Andrew has been out of my life as fast as he came in. I keep telling myself this is for the best. He’s married with two children. Stay away.
He must have come to that decision, too. He told me that first night we were together in December that he had been good, his word for not sleeping around. Until me, I thought. So it’s good that he hasn’t called me in three and a half godforsaken months. I just wish I completely felt that way.
I skipped my exit. The sign snuck by me like those subliminal ads you hear about in films, so I get off at Hoover to turn back around. I decide to check my messages while pretending to myself that I’m not hoping one from Andrew is miraculously there.
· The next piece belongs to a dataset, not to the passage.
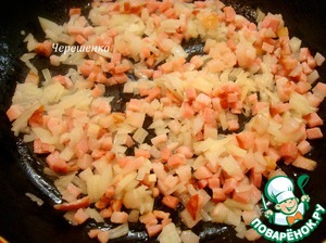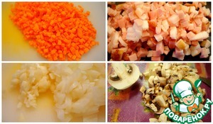 Для начинки - грудинку, лук, морковь и шампиньоны нарезать мелкими кубиками. Чеснок измельчить.

I hook back onto the 10 as my answering machine clicks on.
Suzanne’s voice is telling me that she tried to reach me on my cell phone, Jesus, she wishes I would leave it on, just call her immediately. I am almost at my exit and consider waiting until I’m home to call her back, but she sounds angry, frantic, and scared all at once so I punch in her number, as trepidation makes a wider space in my stomach than I can hold because Suzanne’s voice sounded exactly as it did when she called to tell me about Momma’s—
“Hello?” My sister is practically shouting.
“Hey, it’s me, what’s wrong?” I try to sound normal, hoping my tone will force her answer to be normal, but my words are hindered by the towel-wrapped ice and my enlarged lip getting in the way.
“Why are you talking like that?”
“It’s nothing, I’m fine. My lip got hit in boxing tonight, but it’s nothing, I’m—”
“Boxing?” Like I said I was in the Arctic, she made it sound that far-fetched.
“Suzanne, what happened, why’d you—”
“Daddy died.”
“What?”
“Dad-dy died.” She spit the syllables out.
“No, Suzanne, no.” The trepidation has kicked itself inside out and is knocking me down from within, as fear, panic, and dread shoot out from it.
My sister is silent as I move my truck over to the shoulder of the 10. I am astonished that some part of my brain was untouched enough to heed a long-ago-heard safety advice—when in danger on a highway, pull to the side.
“Where? When? From what?” It is too impossible. Time and distance from my father have disappeared, leaving the irrational thought that I was just about to see him, was finally going to get to see him. I suddenly realize I have been dreading this news for years.